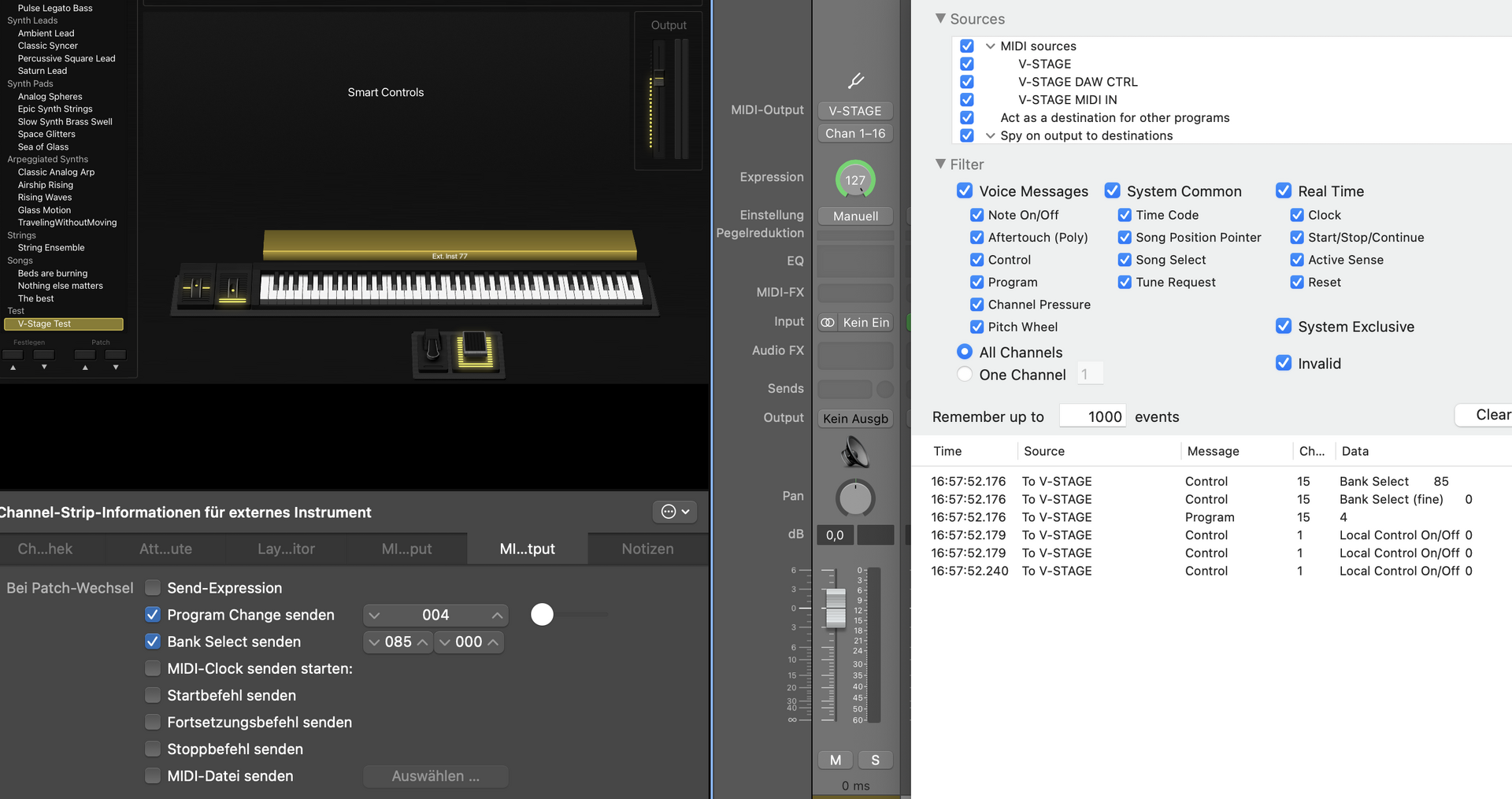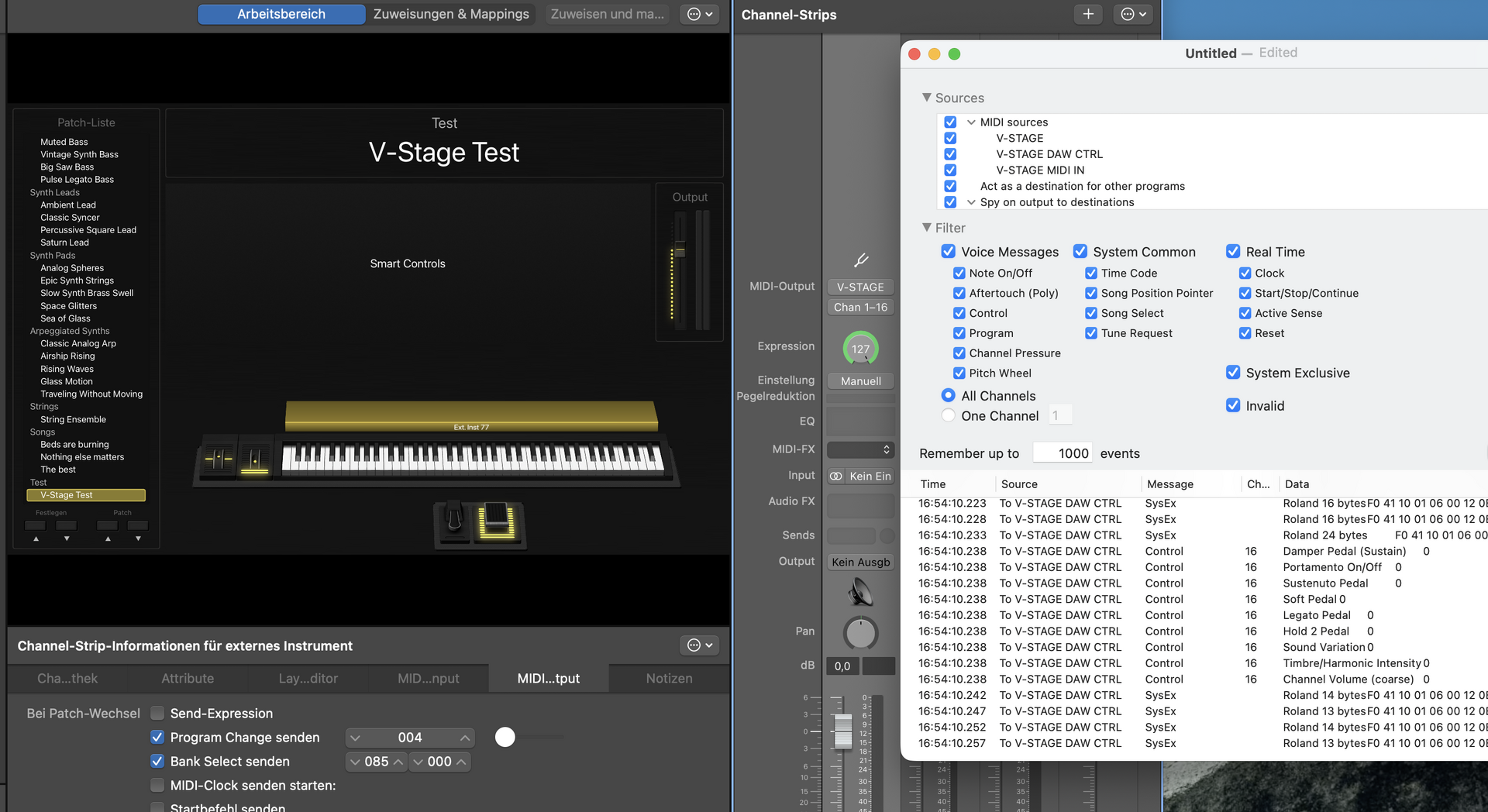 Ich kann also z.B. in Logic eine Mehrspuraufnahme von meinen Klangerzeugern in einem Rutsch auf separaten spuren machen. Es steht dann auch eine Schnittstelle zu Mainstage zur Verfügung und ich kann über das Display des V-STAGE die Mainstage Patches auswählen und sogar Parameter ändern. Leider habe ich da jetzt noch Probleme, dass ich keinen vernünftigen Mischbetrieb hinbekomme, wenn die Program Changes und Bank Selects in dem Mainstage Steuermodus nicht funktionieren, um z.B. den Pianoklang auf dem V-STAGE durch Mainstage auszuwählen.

☆ ☆ ☆ ☆

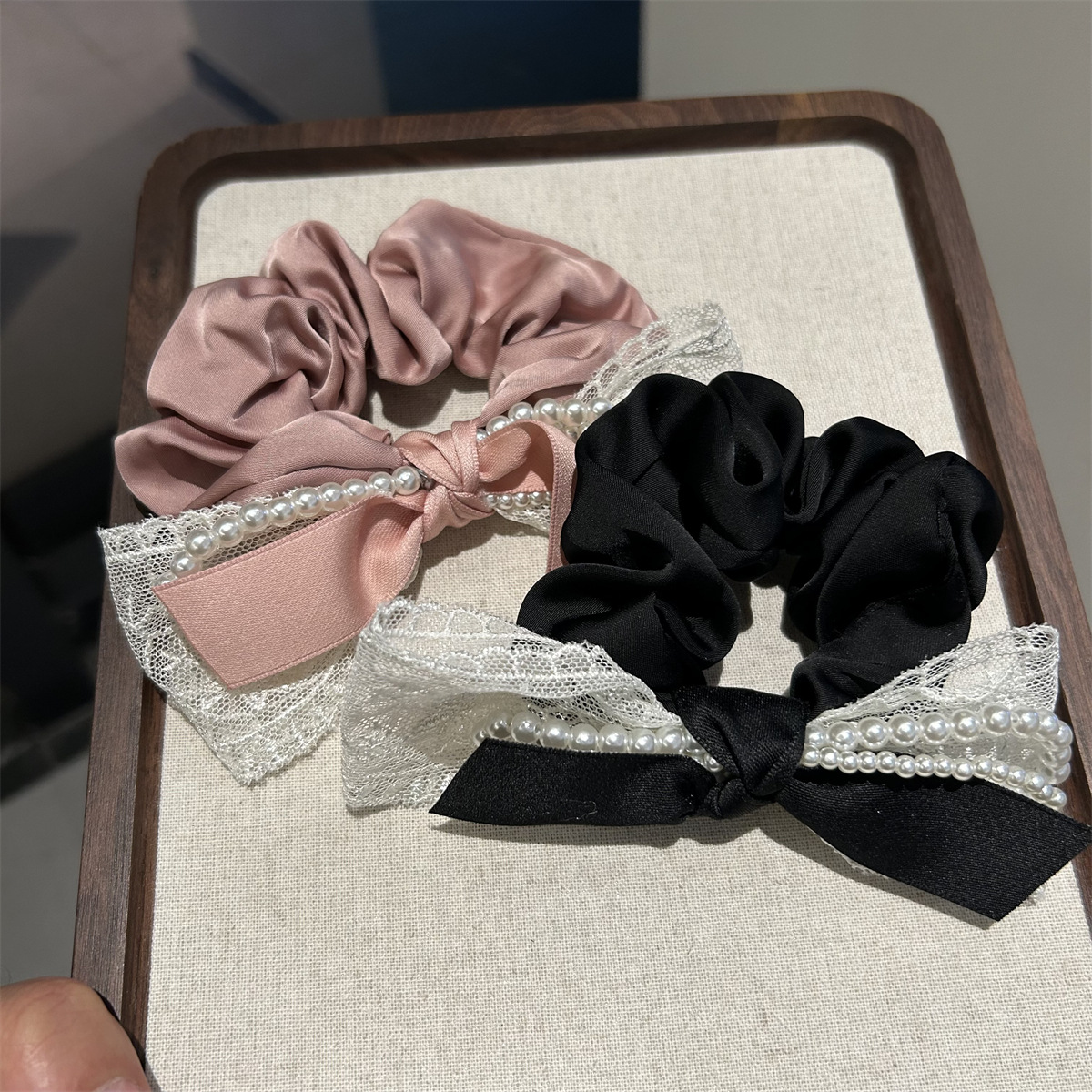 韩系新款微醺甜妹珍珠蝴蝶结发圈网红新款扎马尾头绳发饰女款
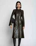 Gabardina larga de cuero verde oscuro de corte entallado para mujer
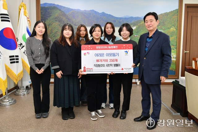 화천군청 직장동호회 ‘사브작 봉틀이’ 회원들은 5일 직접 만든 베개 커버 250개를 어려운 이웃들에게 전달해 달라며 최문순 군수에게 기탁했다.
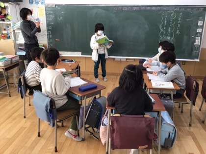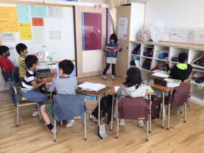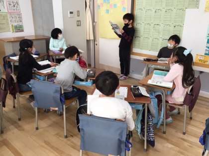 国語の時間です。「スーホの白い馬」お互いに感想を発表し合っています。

☆ ☆ ☆ ☆

- **TASK**
Give back the exact lines above, running from the one that has "韩系新款微醺甜妹珍珠蝴蝶结发圈网红新款扎马尾头绳发饰女款" through the one that has "国語の時間です。「スーホの白い馬」お互いに感想を発表し合っています。", with nothing added and no pictures.

- **WRITTEN SOLUTION**
 韩系新款微醺甜妹珍珠蝴蝶结发圈网红新款扎马尾头绳发饰女款
 Gabardina larga de cuero verde oscuro de corte entallado para mujer
 화천군청 직장동호회 ‘사브작 봉틀이’ 회원들은 5일 직접 만든 베개 커버 250개를 어려운 이웃들에게 전달해 달라며 최문순 군수에게 기탁했다.
 国語の時間です。「スーホの白い馬」お互いに感想を発表し合っています。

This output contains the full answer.